Delicate, and highly articulated, the subject comprises many motives, pauses, flourishes and a variety of rhythms. Altschuler would call this a multi-thematic subject in that it has many ideas. Spanning a not so unusual four measures is a series of 55 notes. Taken at an adagio tempo, the subject is indeed one of the longest you will find. You many notice that subsequent subject entries seem to grow longer as they continue beyond the ending of the first entry, several of them consistently adding two additional measures that extend the melodic coherence of the subject. The subject's initial motive is bounded by the first dotted half note and the subsequent half note, both B flats. The motive is unmistakable with its long first note, the gentle motion of the triplets, the faster trill and the return to the starting note. It is essentially but one note, a fluttering departure, and a return to that one note. While the beginning of every subject entry is recognizable for this signature, not every occurrence of this motive is a complete subject entry. There are at least 6 instances of this or a part of this motive without the ensuing subject running to completion.
There are at least two countersubjects in this fugue. Just like the subject, they are long, multi-thematic, sinuous and flickering with the same, exotic, dreamy darkness. The pauses and flourishes of subject and the countersubjects are interleaved so that while one rests (suspended), the others come alive.
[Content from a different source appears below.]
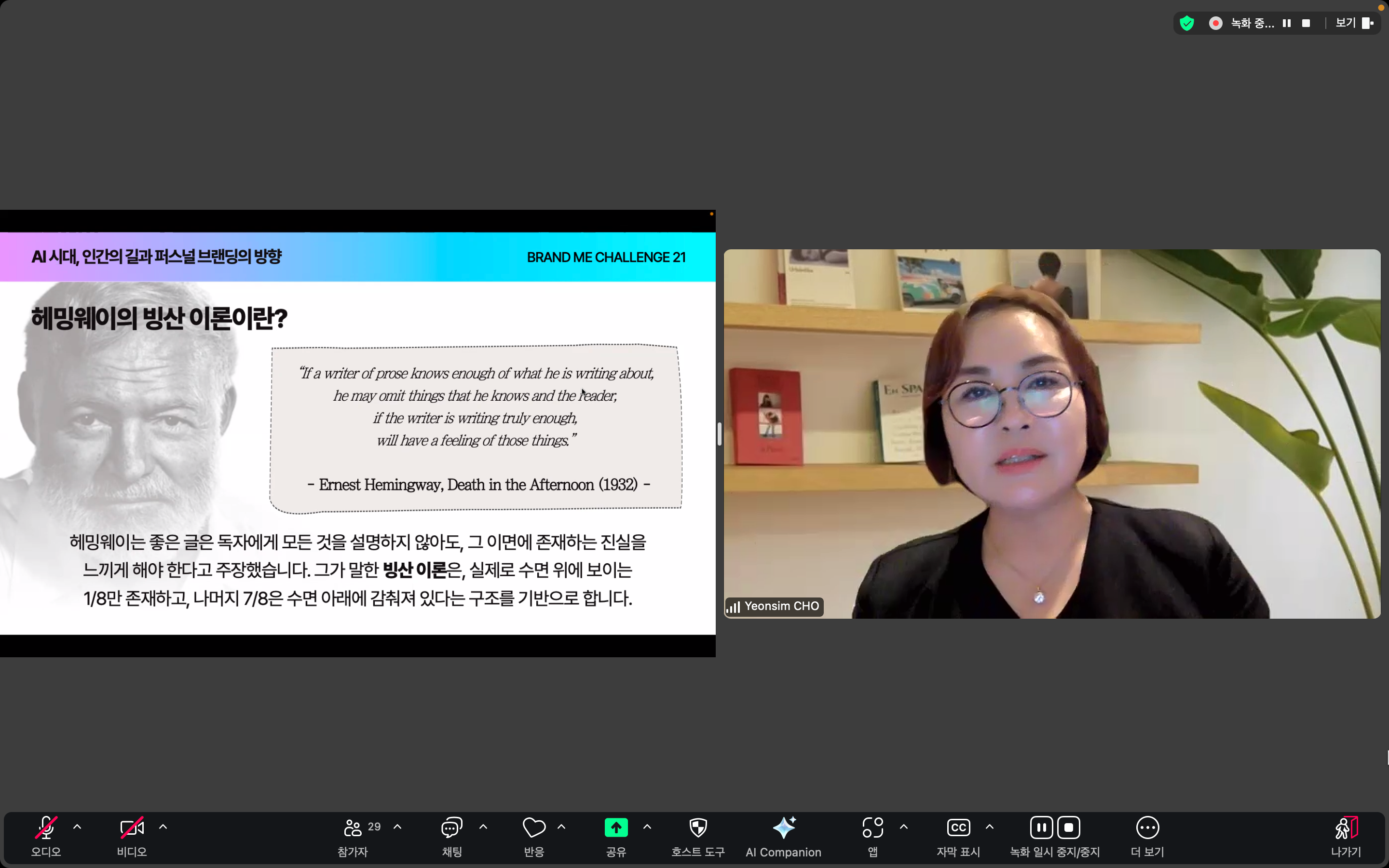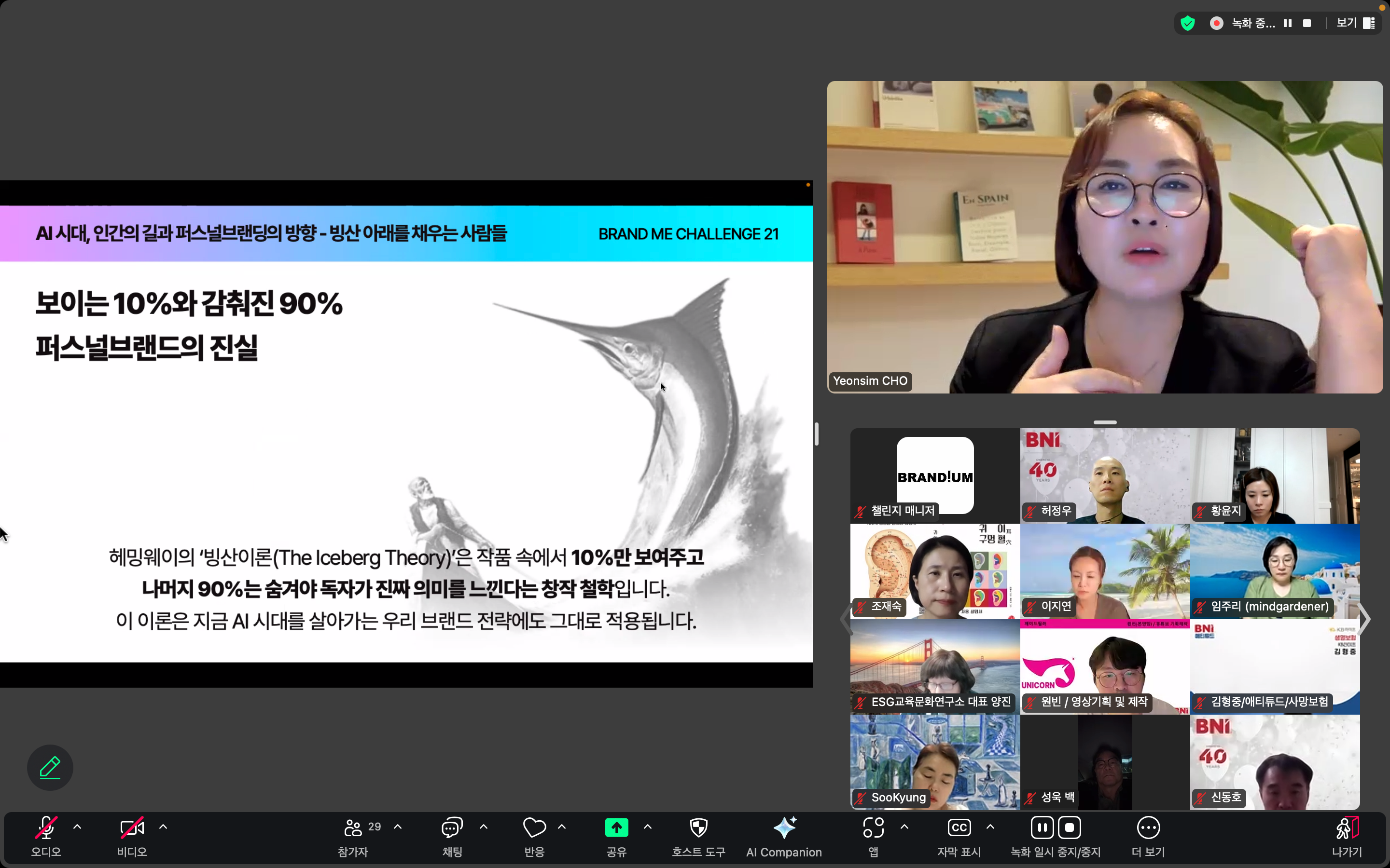 2025년 7월 31일 밤 9시, 지식소통가 조연심의 무료 오픈특강이 줌(Zoom)으로 개최되었습니다. 브랜드미 챌린지 21 런칭을 기념해 열린 이 특강에는 총 31명이 참여했고, 그 중 15명이 유료결제로 전환, 무려 **전환율 50%**라는 성과를 거두었습니다.

The active motion and the focus of attention shifts between them, back and forth, over a long period of sustained awareness required to follow each line to completion. At a slow tempo, the effect is amazing: it almost seems that there is no beginning or end to the long lines of song that interweave like a braid, like a quiet but eloquent conversation among ethereal souls, calls and responses from a completely different plane of temporal existence. With its tremendous sense of space and time, the contrapuntal texture in this fugue is loose and transparent, each voice a clear and distinctive etching.
At the ending of the fugue, the late, dark, romantic night softens into the gentle brightness of dawn. The minor turns to major in the end, as many Baroque compositions in a minor key did (e.g. Picardy third), but Shostakovich gives us much more than a final chord or two: a six measure coda with three occurrences of the subject's initial motive in the lowest voice and a delicate winding down of the other two voices.